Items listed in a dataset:
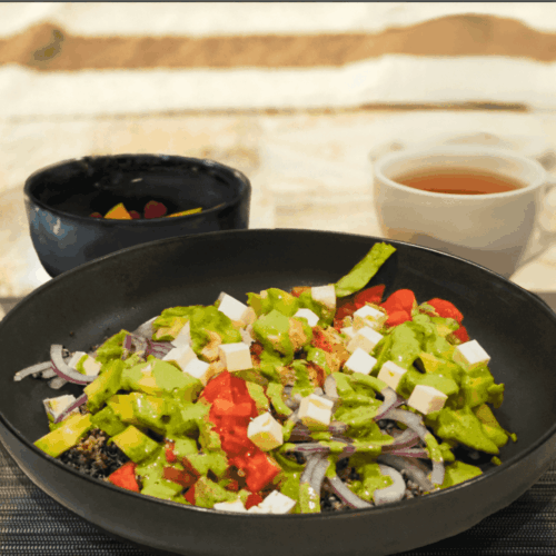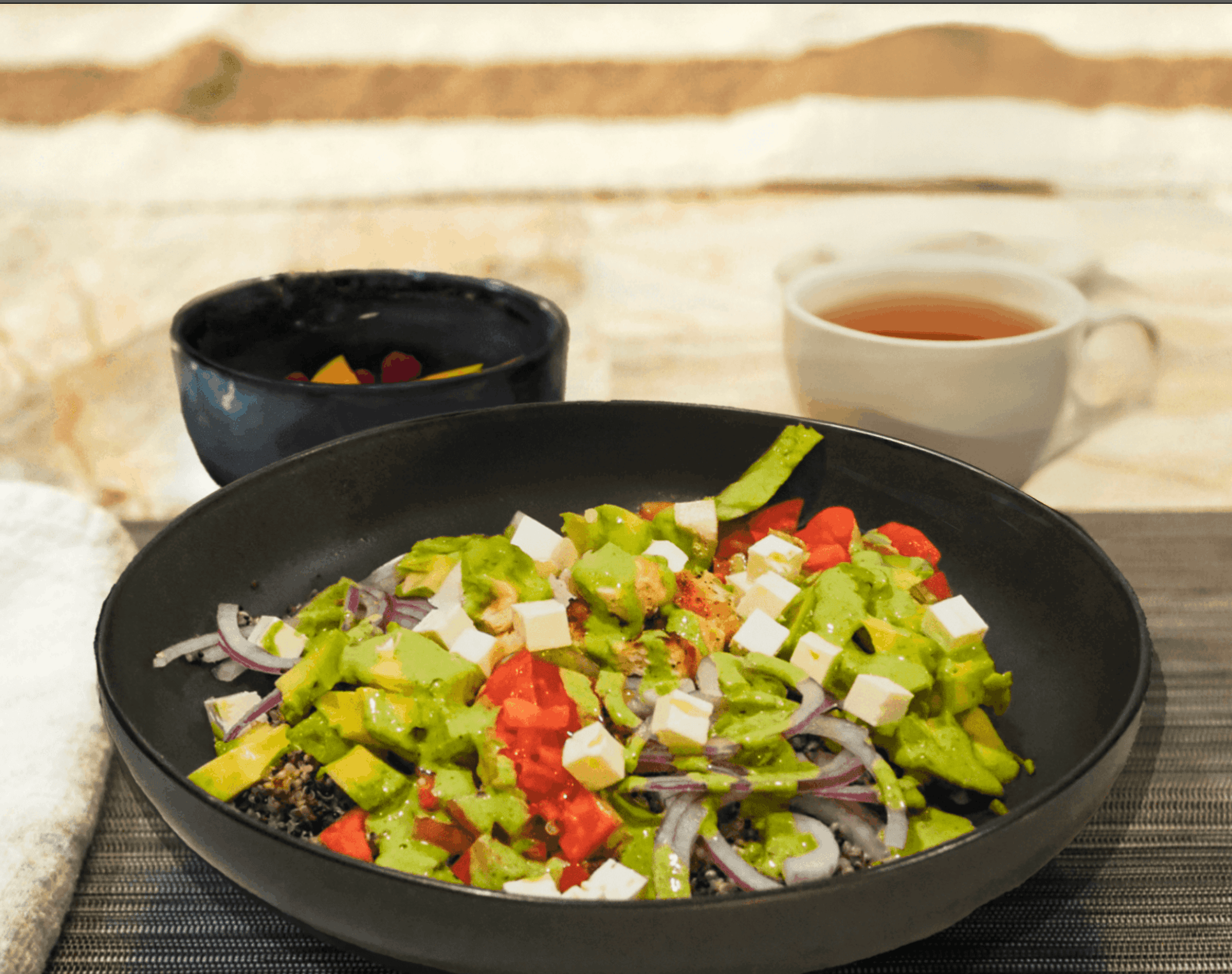 - Portion the quinoa into then top with grilled chicken, tomato, cucumber, avocado, feta cheese, and red onion. Drizzle with the prepared sauce.
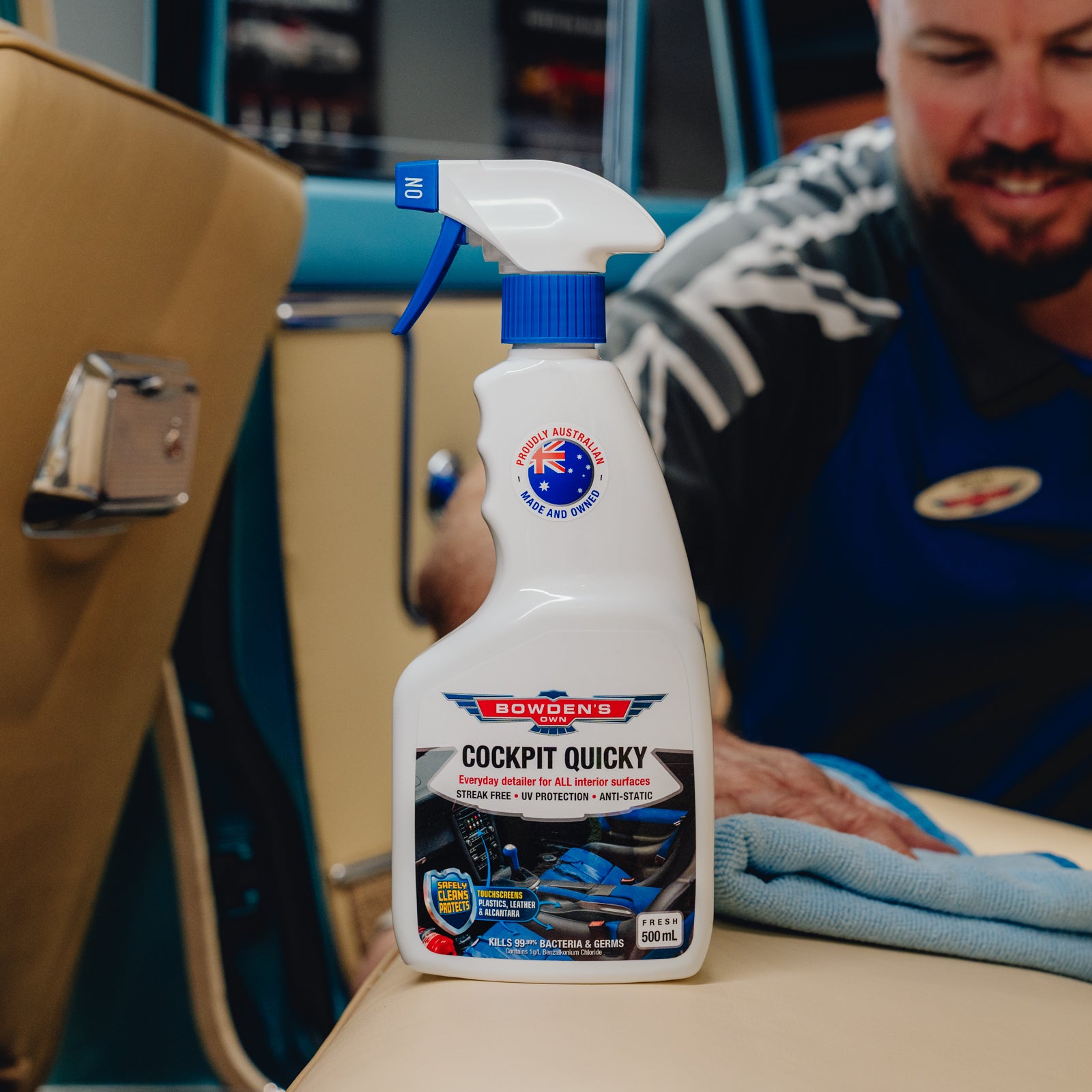 Cockpit Quicky does exactly what it says: super quick and easy cleaning of your cherished vehicle's cockpit. This fast and easy everyday interior detailer will safely clean and protect all your interior surfaces with a streak free, UV protected, anti-static finish. Ideal for modern touchscreens, as well as all plastics, vinyl, leather & Alcantara, while killing 99.99% of bacteria & germs.
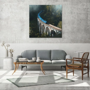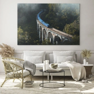 - Egy kék vonat látképe, amint egy régi kőviadukton halad át, sűrű, zöld erdő ölelésében. A ködös fény és a madártávlatból készült kép misztikummal és utazási inspirációval teli képet alkot. Tökéletes dekoráció álmokkal teli enteriőrökbe.
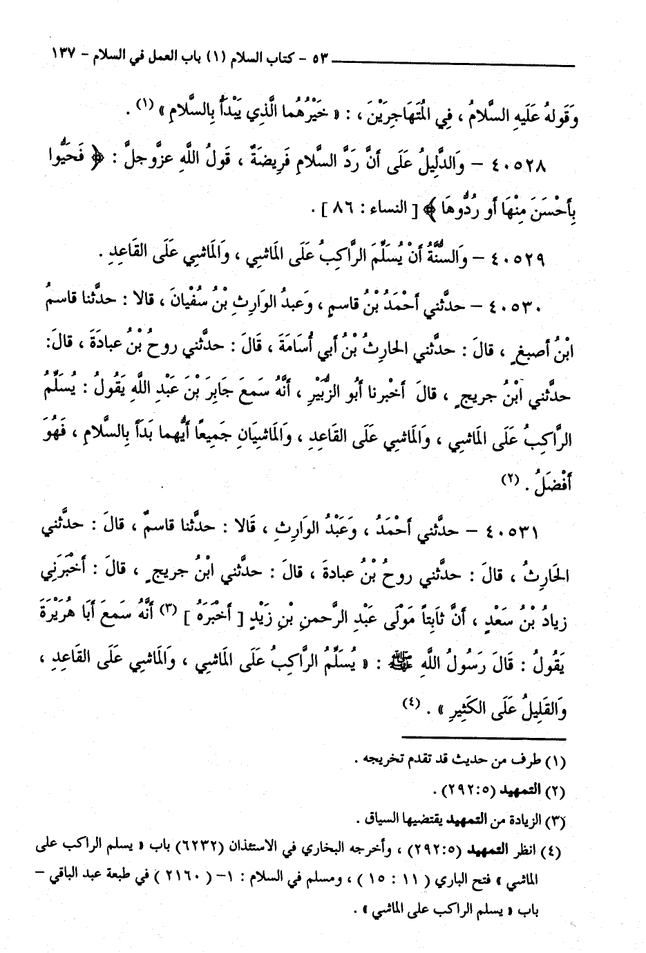 40530 - حَدَّثَنِي أَحْمَدُ بْنُ قَاسِمٍ، وَعَبْدُ الْوَارِثِ بْنُ سُفْيَانَ، قَالَا: حَدَّثَنَا قَاسِمُ بْنُ أَصْبَغَ، قَالَ: حَدَّثَنِي الْحَارِثُ بْنُ أَبِي أُسَامَةَ، قَالَ: حَدَّثَنِي رَوْحُ بْنُ عُبَادَةَ، قَالَ: حَدَّثَنِي ابْنُ جُرَيْجٍ، قَالَ: أَخْبَرَنَا أَبُو الزُّبَيْرِ، أَنَّهُ سَمِعَ جَابِرَ بْنَ عَبْدِ اللَّهِ يَقُولُ: يُسَلِّمُ الرَّاكِبُ عَلَى الْمَاشِي، وَالْمَاشِي عَلَى الْقَاعِدِ، وَالْمَاشِيَانِ جَمِيعًا أَيُّهُمَا بَدَأَ بِالسَّلَامِ، فَهُوَ أَفْضَلُ.
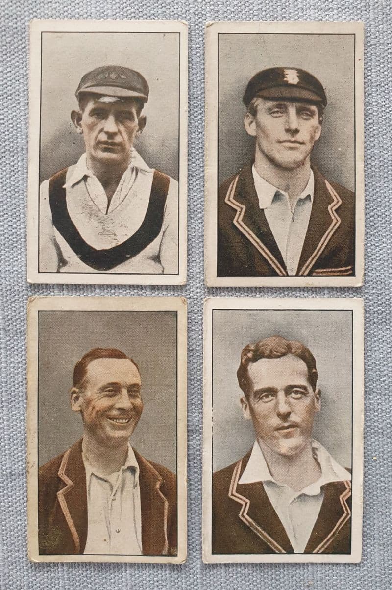 Four cards from of the "Famous Cricketers", given away in packets of Godfrey Phillips' cigarettes; number 39; the cards show HL Collins (10), H Strudwick (18), J Hobbs (22) and F Woolley (28); in fairly good condition
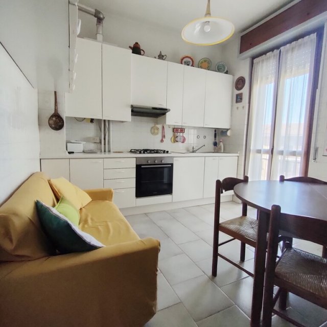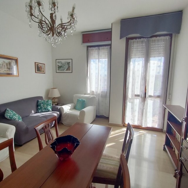 In piccola palazzina, ampio appartamento arredato posto al terzo piano senza ascensore, composto da ingresso, cucina abitabile, soggiorno, 2 camere letto, bagno, ripostiglio, 2 balconi, cantina e box. L'appartamento presenta serramenti in pvc con vetrocamera di recente sostituzione, porta blindata, aria condizionata e riscaldamento autonomo.Dati Immobile
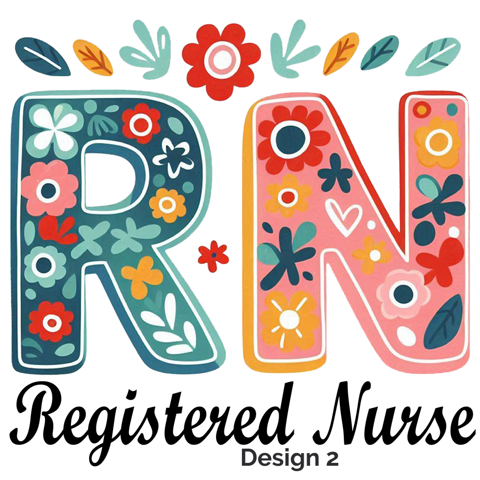 RN, Registered Nurse, leopard, stethascope, flowers, red,white and blue
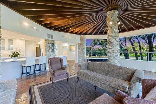 A rare opportunity to own 4 private acres in North Austin, just minutes from Hwy 620 and the Apple campus. Surrounded by mature oaks and natural beauty, this property offers a level of privacy, usable land, and flexibility that is increasingly hard to find this close to the city. The 1964 home blends timeless architectural character with thoughtful modern updates, including a remodeled kitchen, renovated primary suite with a new bath and oversized walk-in closet, updated secondary bathrooms, and fresh interior paint. The centerpiece of the home is a striking living room with mid-century influence, dramatic wood-beamed ceilings, natural stone accents, and a wall of windows that brings the Texas landscape into full view. Whether you're looking for a private residence to enjoy now or a future dream-home site while keeping the existing home as a guest house, the property offers a unique combination of character, functionality, and long-term potential. Just minutes from major employers, dining, shopping, entertainment, and everyday conveniences, the setting feels quiet, secluded, and far removed from the pace of the city. Fully usable 4-acre homesites rarely come available in this market area. Properties like this are hard to replace and even harder to forget once you've seen them.
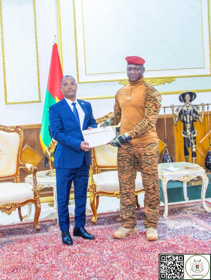Le Président du Faso, le Capitaine Ibrahim Traoré, a accueilli ce jeudi 19 décembre 2024, les lettres de créance de cinq nouveaux ambassadeurs accrédités auprès du Burkina Faso, renforçant ainsi les relations diplomatiques avec des pays amis.
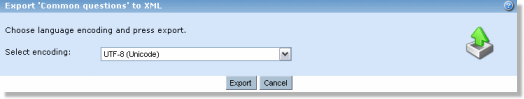 Exports the question library in XML format. Choose your respective language encoding (see language encoding) and click “export”.
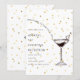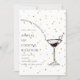 Elegant and novelty invitation card for a cocktail-themed party. The design features a chic martini glass illustration with shimmering gold glitter accents on a clean white background, perfect for upscale events and celebrations.
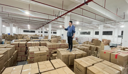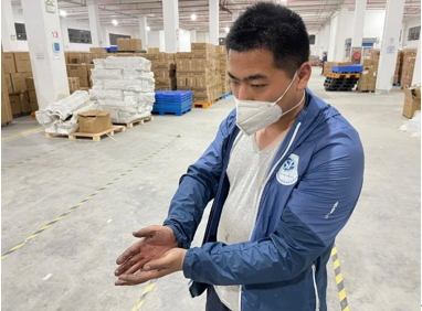 这批物资包装方式比较简单,到货时,多数包装已经破损,只能人工把重新分拣包装,罗文东从此变成了“袋”王,每天解决数以千计的“七天大礼包”,蓝色包装堆叠成了“袋”山。
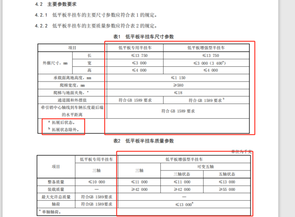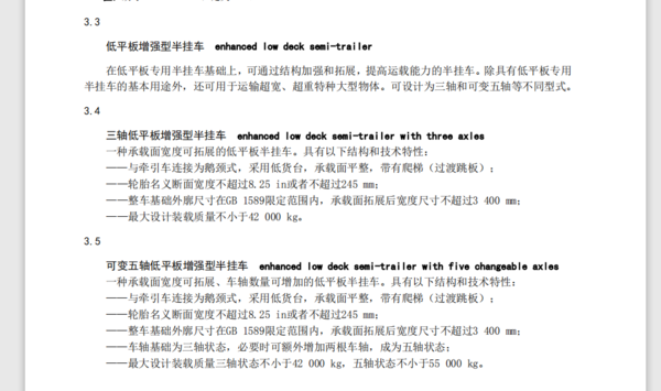 而新《规范》的重点内容,主要是增加了“低平板增强型半挂车”这一新品类及其技术要求、试验方法,并且将其划分成了三轴低平板增强型半挂车、可变五轴低平板增强型半挂车两种。

- ABOUT THIS TASK: Print nothing except the lines above from the one containing "Four cards from" down to the one containing "RN, Registered Nurse, leopard, stethascope, flowers, red,white", both included, exactly as written and free of pictures.

- OUTPUT FOR THIS EXERCISE:
 Four cards from of the "Famous Cricketers", given away in packets of Godfrey Phillips' cigarettes; number 39; the cards show HL Collins (10), H Strudwick (18), J Hobbs (22) and F Woolley (28); in fairly good condition
 In piccola palazzina, ampio appartamento arredato posto al terzo piano senza ascensore, composto da ingresso, cucina abitabile, soggiorno, 2 camere letto, bagno, ripostiglio, 2 balconi, cantina e box. L'appartamento presenta serramenti in pvc con vetrocamera di recente sostituzione, porta blindata, aria condizionata e riscaldamento autonomo.Dati Immobile
 RN, Registered Nurse, leopard, stethascope, flowers, red,white and blue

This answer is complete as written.